The next morning, I got up early and took off walking in BoDo, aka Boise Downtown.  First stop was at the capitol building.  With it’s dome rising 208 feet into the Boise skyline, it’s pretty had to miss the Idaho State Capitol.  On the grounds I found a wonderful statue of the “Hospitality of the New Perce.”  It depicts the first encounter of tribal chief Twisted Hair with Meriweather Lewis and William Clark in 1805.  At their feet is Twisted Hair’s young son Lawyer enthralled with trade trinkets, fish, and camas root.  I also enjoyed the flowers on the grounds of the capitol.

As I wandered around admiring the architecture of the buildings I stumbled upon the Basque Block.  Boise has the largest Basque district in the United States.  As I read a couple of historical markers, I was wishing the museum was open so I could learn more about Boise’s Basque Community now numbering about 16,000.  In the 1800s sheepherders from the Basque region surrounding the Bay of Biscay of southwest France and northern Spain moved into Idaho and Oregon.

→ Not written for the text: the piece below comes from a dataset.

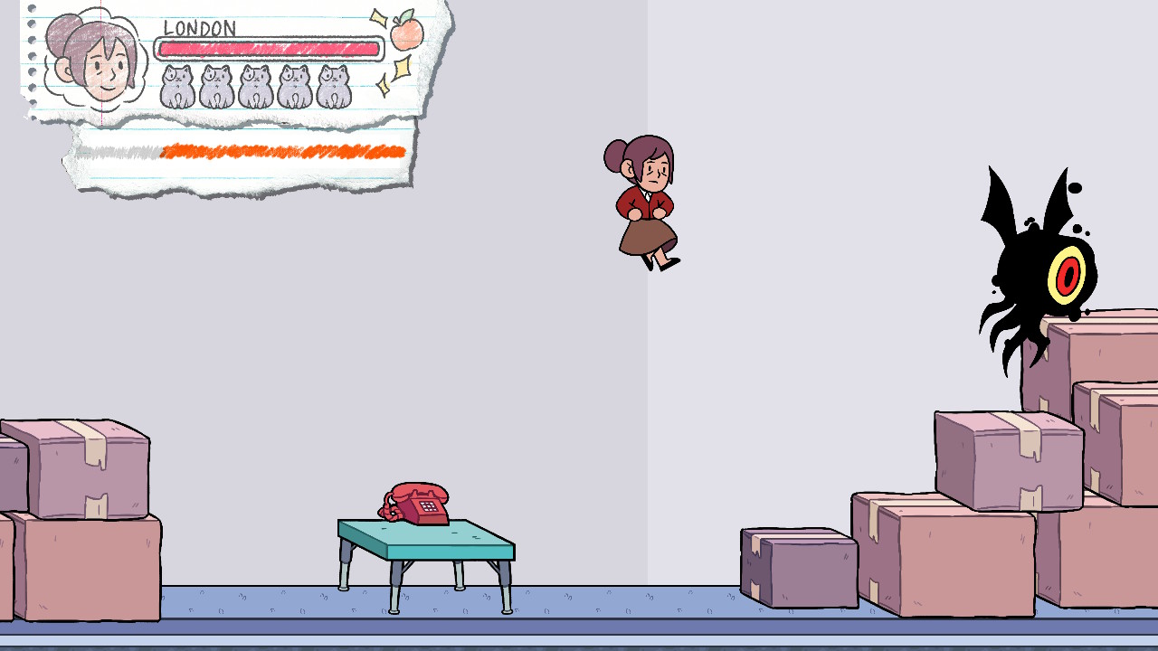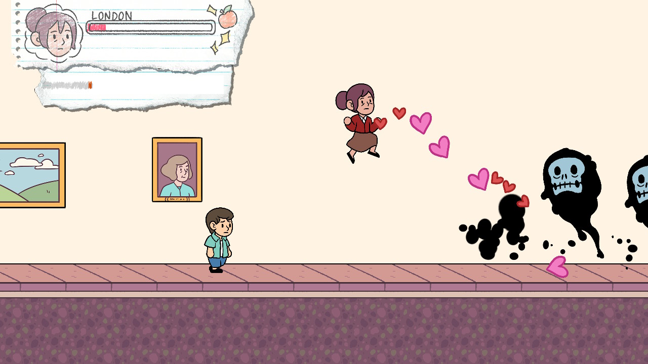 Her attack is to shoot valentine hearts and other symbols of positivity at shadowy demons which represent her mental problems. London also has her own unique obstacle – clingy students. Literally.
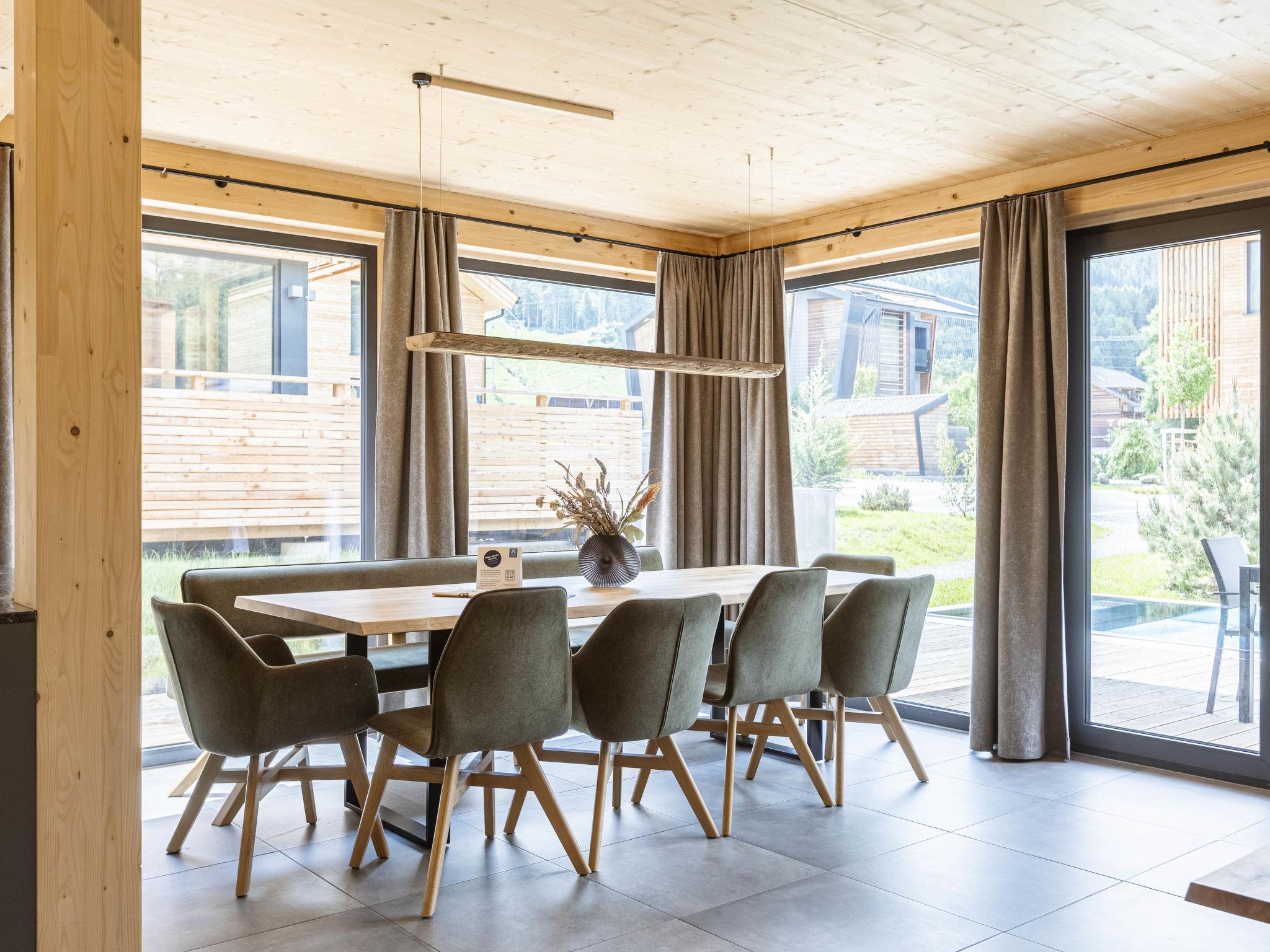 Sankt Georgen: Luxurious resort "Kreischberg Pool Villa b.AlpsResort", built in 2022. 1 km from the centre of Sankt Georgen, in a quiet, sunny position, 150 m from the skiing area. In the house: central heating system. Parking on the premises. Supermarket 1 km, railway station "St Lorenzen" 170 m. Gondola lift, skisport facilities, ski school 150 m. Well-known ski regions can easily be reached: Kreischberg 150 m. Please note: In case of good snow conditions, the house is accessible on skis. The holiday properties may differ in living space, floorplan, equipment and furnishing.

Getting a hankering for coffee, Adeina met me at Slow by Slow.  I did a little quick research that morning and found it to be a local’s favorite place to grab a cup of Joe.  Slow by Slow is in a historic building.  With its exposed brick, wood furniture and black and white tile floor, it was a perfect place to slow down for a moment to sip an almond milk latte and devour a moist and yummy gluten free pumpkin streusel muffin.

Wanting to walk off breakfast we headed over the Boise Farmers Market.  Wandering through the stalls, I picked up some herbs beautifully wrapped in recycled brown paper at Provisions Farm and Feed and handcrafted gourmet hummus at SEVZ Kitchen to take to my friends we were staying with in Bend, Oregon, next.

Boise actually has two markets in the downtown area on Saturday.  So we headed over to the Capitol City Public Market to check out some of the artisan finds there.  I was quickly drawn into Classic Lines Pottery because of the French butter dishes and grater plates.  Stick kicking myself for not buying one!  The plethora of unique signs drew me into Rusty Junquers next.  I always game to sample stuff at local markets and Anew Foods got me with their toasted muesli.  It’s so good I bought three small bags to take home.  Last stop was Good Vibe Kombucha.  With the sun blazing I was ready for a cool treat and their strawberry basil kombucha refreshingly hit the spot as it was time to hit the road.

Boise sits in the heart of Treasure Valley.  If it’s not on your travel radar, it should be.  What I found on my first short visit is a gem of a city blending an outdoor lifestyle with vibrant government and university communities along with an influx of hip cafes, excellent restaurants, cool coffeehouses, and an abundance of friendly folks.

I found the city to be loaded with families, outdoor lovers, college students, and well-dressed Friday night out goers.  What I didn’t see – rugged, plaid flannel shirt wearing potato farmers.  Guess I’ll go on the hunt for studs…I mean spuds….the next visit!